◆ **What the task asks**: Only the lines below starting at the one containing "主人と 私は 目玉焼き&サラダのパンケーキモーニング" and ending at the one containing "Caja de lujo Oslo – rosas y fresas" belong in the answer, each copied exactly.
-------- Material to process
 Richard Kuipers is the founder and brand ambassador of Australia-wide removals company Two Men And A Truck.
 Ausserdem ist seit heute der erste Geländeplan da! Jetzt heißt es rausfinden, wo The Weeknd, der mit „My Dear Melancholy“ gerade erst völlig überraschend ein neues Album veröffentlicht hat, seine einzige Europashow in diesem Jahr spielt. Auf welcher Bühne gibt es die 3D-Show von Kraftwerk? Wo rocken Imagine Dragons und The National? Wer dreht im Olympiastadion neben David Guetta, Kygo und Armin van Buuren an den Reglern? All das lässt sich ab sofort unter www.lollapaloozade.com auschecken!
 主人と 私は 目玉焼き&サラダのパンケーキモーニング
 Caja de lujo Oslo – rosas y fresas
----------------
-------- Material to process
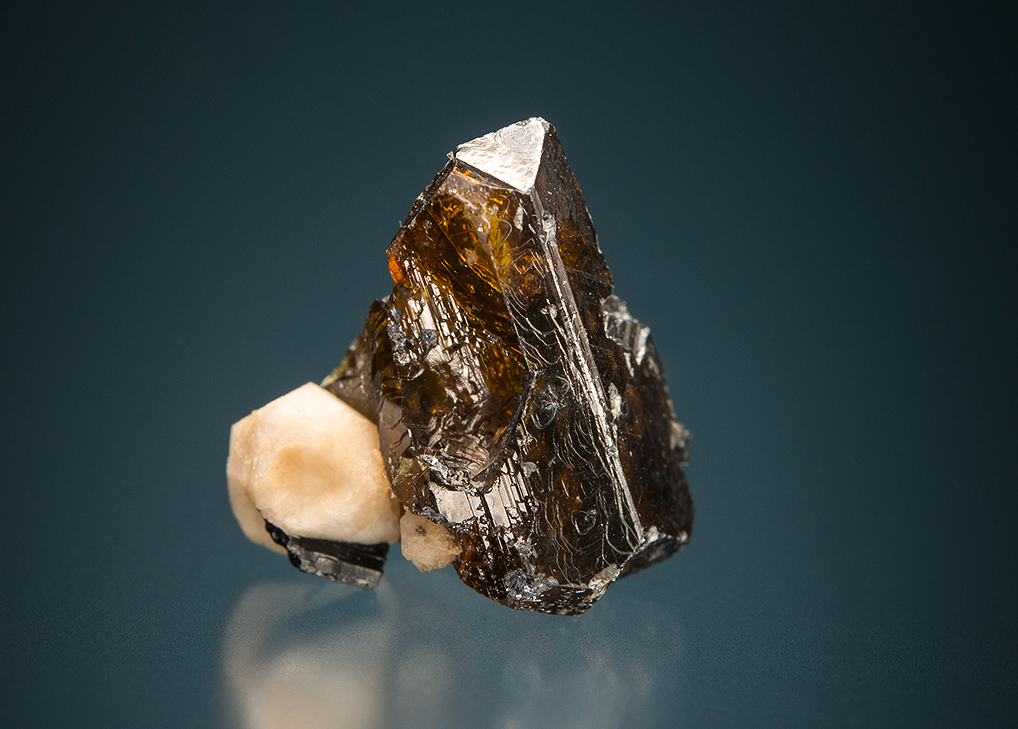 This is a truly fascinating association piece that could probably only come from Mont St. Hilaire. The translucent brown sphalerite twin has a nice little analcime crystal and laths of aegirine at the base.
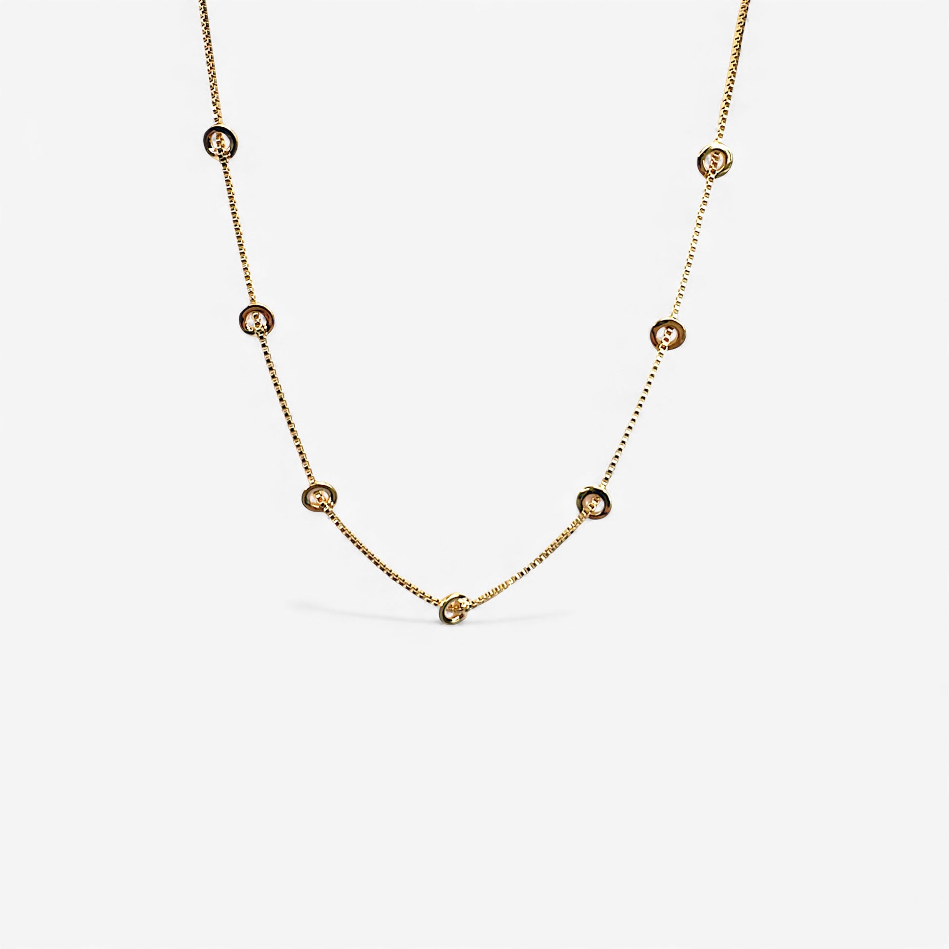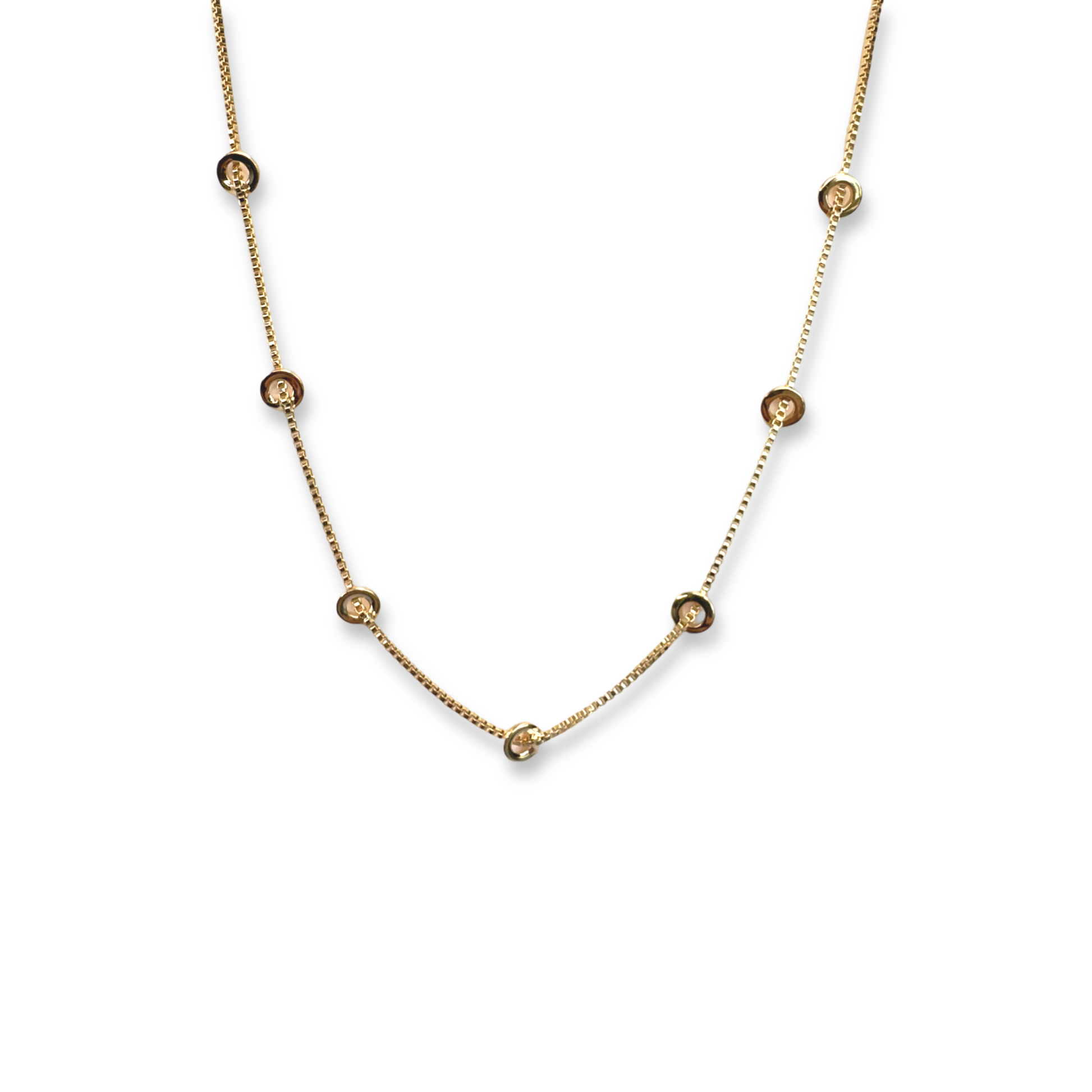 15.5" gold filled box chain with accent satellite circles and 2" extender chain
----------------
◆ **Answer**:
 主人と 私は 目玉焼き&サラダのパンケーキモーニング
 Caja de lujo Oslo – rosas y fresas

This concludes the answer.